# EXERCISE OBJECTIVE
Could you retype every line below exactly, omitting the images?

# INFORMATION SUPPLIED
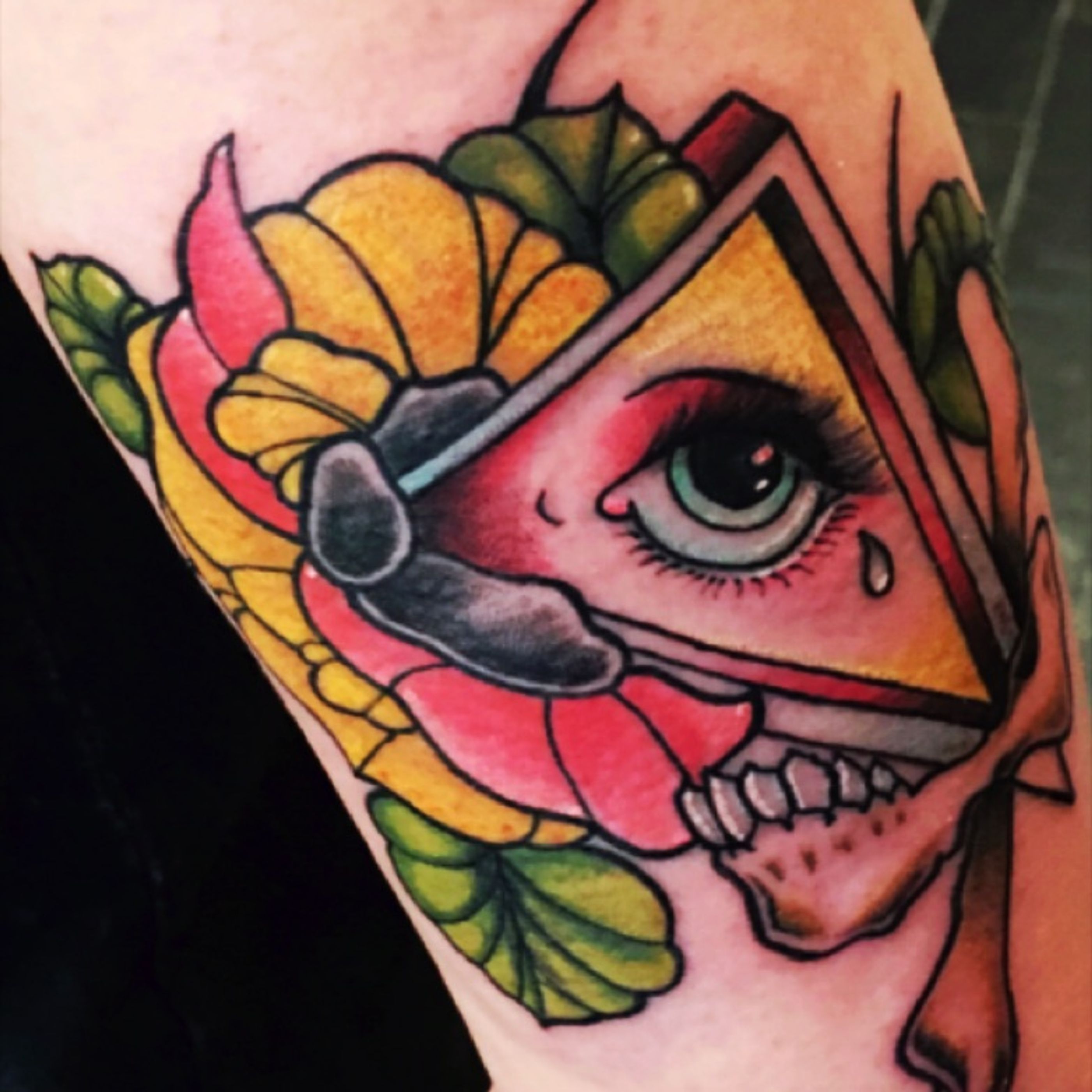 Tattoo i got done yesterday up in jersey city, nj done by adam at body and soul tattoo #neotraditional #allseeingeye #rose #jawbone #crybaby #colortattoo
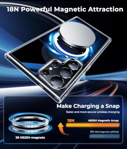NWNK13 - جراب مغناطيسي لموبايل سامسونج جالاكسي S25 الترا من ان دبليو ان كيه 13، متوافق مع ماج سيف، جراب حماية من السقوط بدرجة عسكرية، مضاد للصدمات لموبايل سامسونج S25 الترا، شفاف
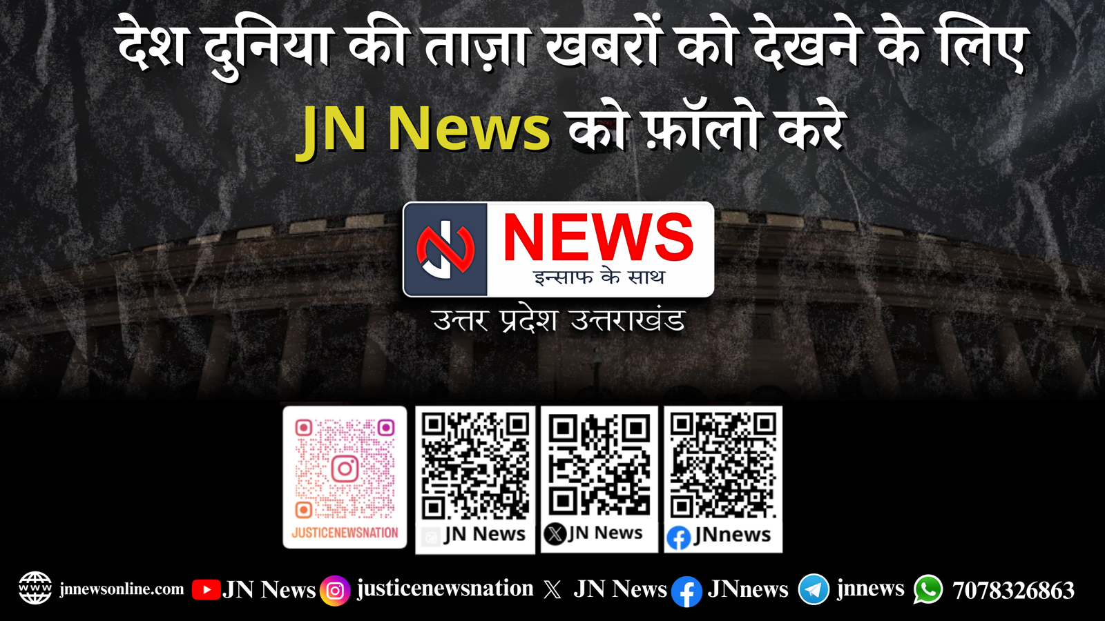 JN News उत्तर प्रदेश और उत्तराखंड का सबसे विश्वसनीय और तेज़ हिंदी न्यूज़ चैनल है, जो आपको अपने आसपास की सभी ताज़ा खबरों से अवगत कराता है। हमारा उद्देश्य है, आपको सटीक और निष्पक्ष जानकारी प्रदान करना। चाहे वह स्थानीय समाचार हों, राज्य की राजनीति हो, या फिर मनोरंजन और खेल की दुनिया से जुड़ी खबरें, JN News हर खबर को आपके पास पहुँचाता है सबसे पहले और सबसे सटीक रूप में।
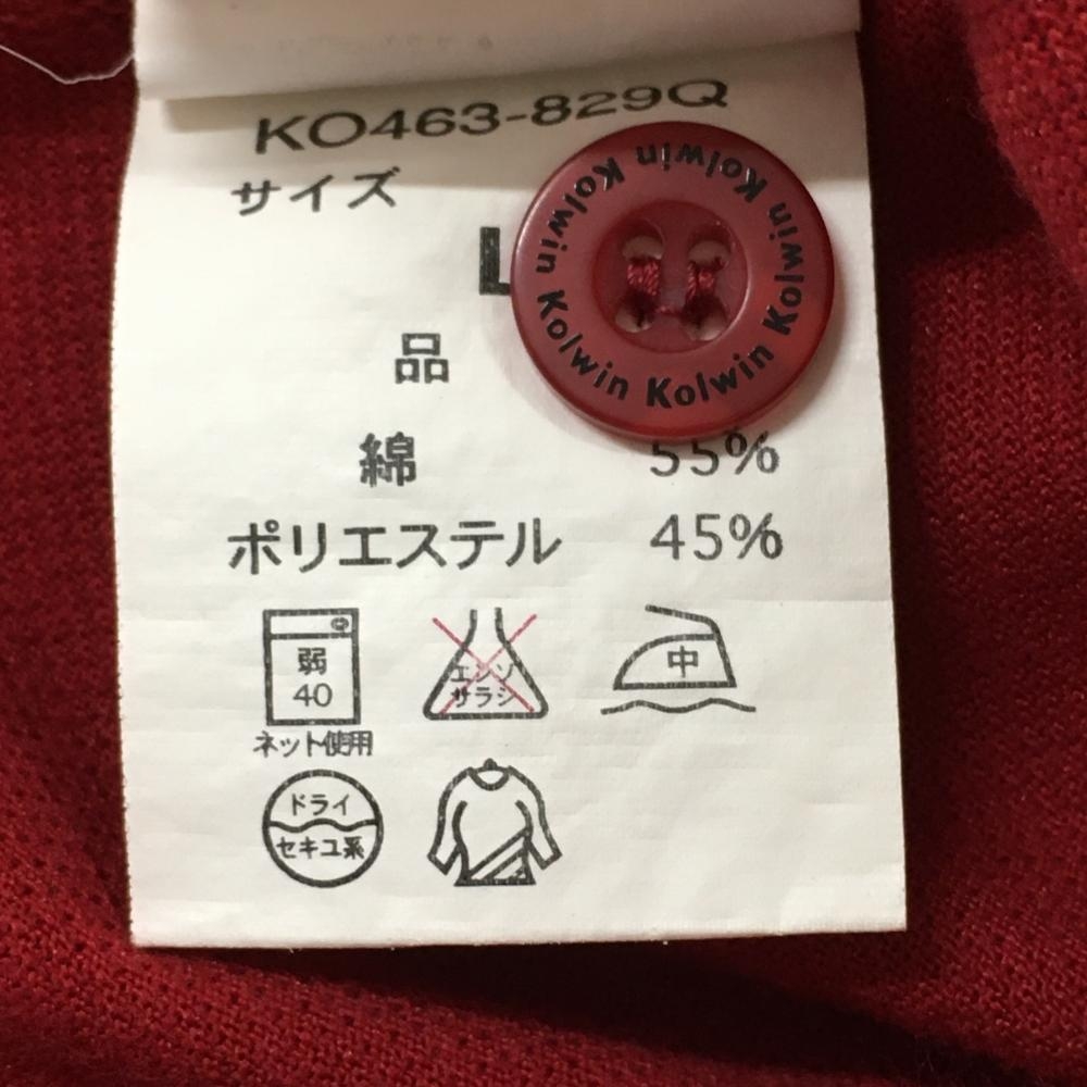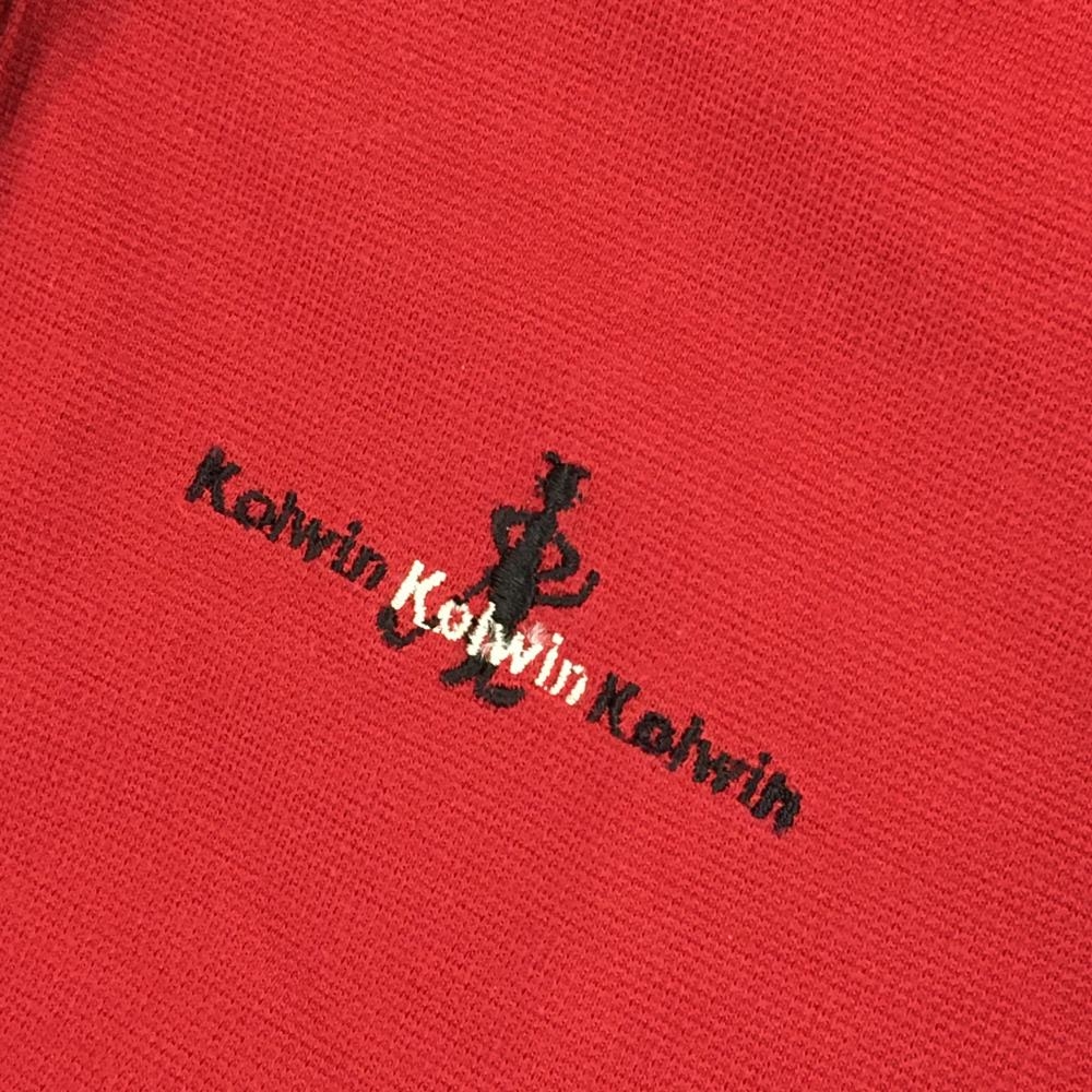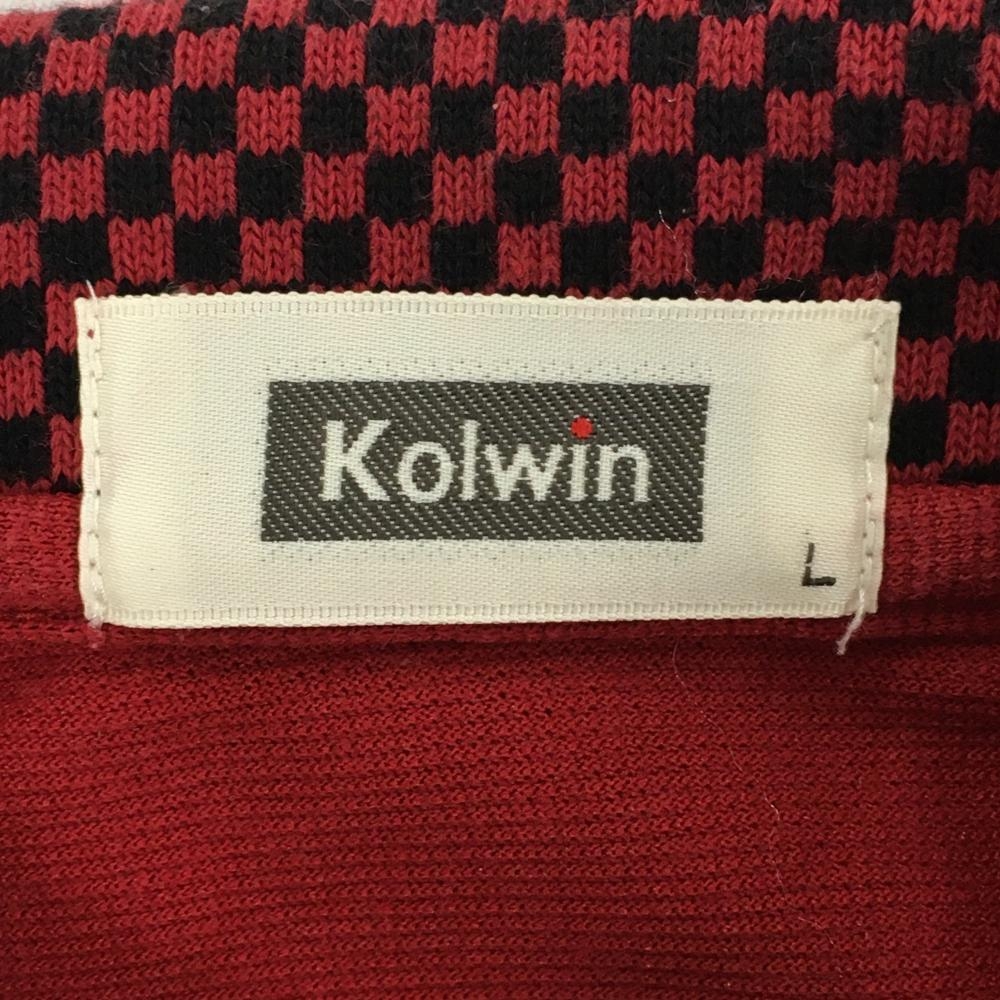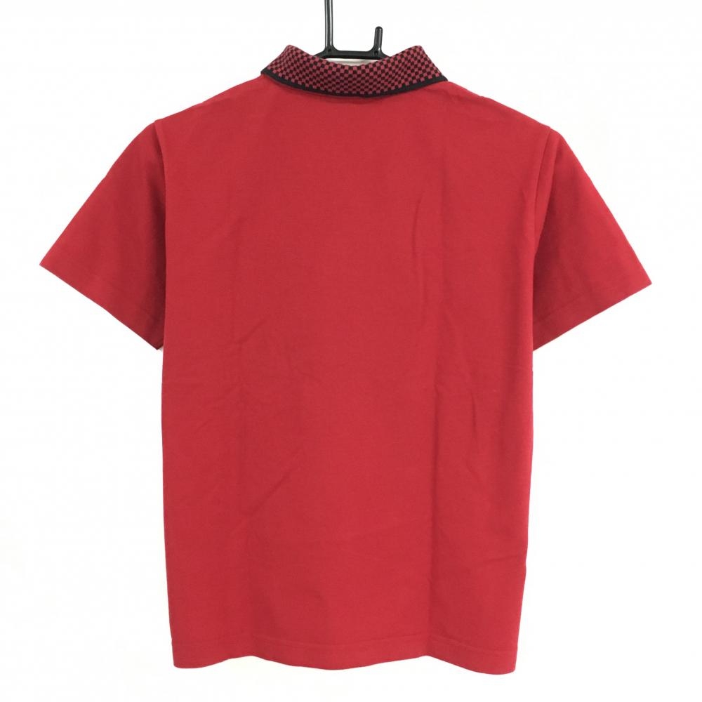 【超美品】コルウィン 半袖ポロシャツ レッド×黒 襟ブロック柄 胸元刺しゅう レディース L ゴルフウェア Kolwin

# EXERCISE SOLUTION
 Tattoo i got done yesterday up in jersey city, nj done by adam at body and soul tattoo #neotraditional #allseeingeye #rose #jawbone #crybaby #colortattoo
NWNK13 - جراب مغناطيسي لموبايل سامسونج جالاكسي S25 الترا من ان دبليو ان كيه 13، متوافق مع ماج سيف، جراب حماية من السقوط بدرجة عسكرية، مضاد للصدمات لموبايل سامسونج S25 الترا، شفاف
 JN News उत्तर प्रदेश और उत्तराखंड का सबसे विश्वसनीय और तेज़ हिंदी न्यूज़ चैनल है, जो आपको अपने आसपास की सभी ताज़ा खबरों से अवगत कराता है। हमारा उद्देश्य है, आपको सटीक और निष्पक्ष जानकारी प्रदान करना। चाहे वह स्थानीय समाचार हों, राज्य की राजनीति हो, या फिर मनोरंजन और खेल की दुनिया से जुड़ी खबरें, JN News हर खबर को आपके पास पहुँचाता है सबसे पहले और सबसे सटीक रूप में।
 【超美品】コルウィン 半袖ポロシャツ レッド×黒 襟ブロック柄 胸元刺しゅう レディース L ゴルフウェア Kolwin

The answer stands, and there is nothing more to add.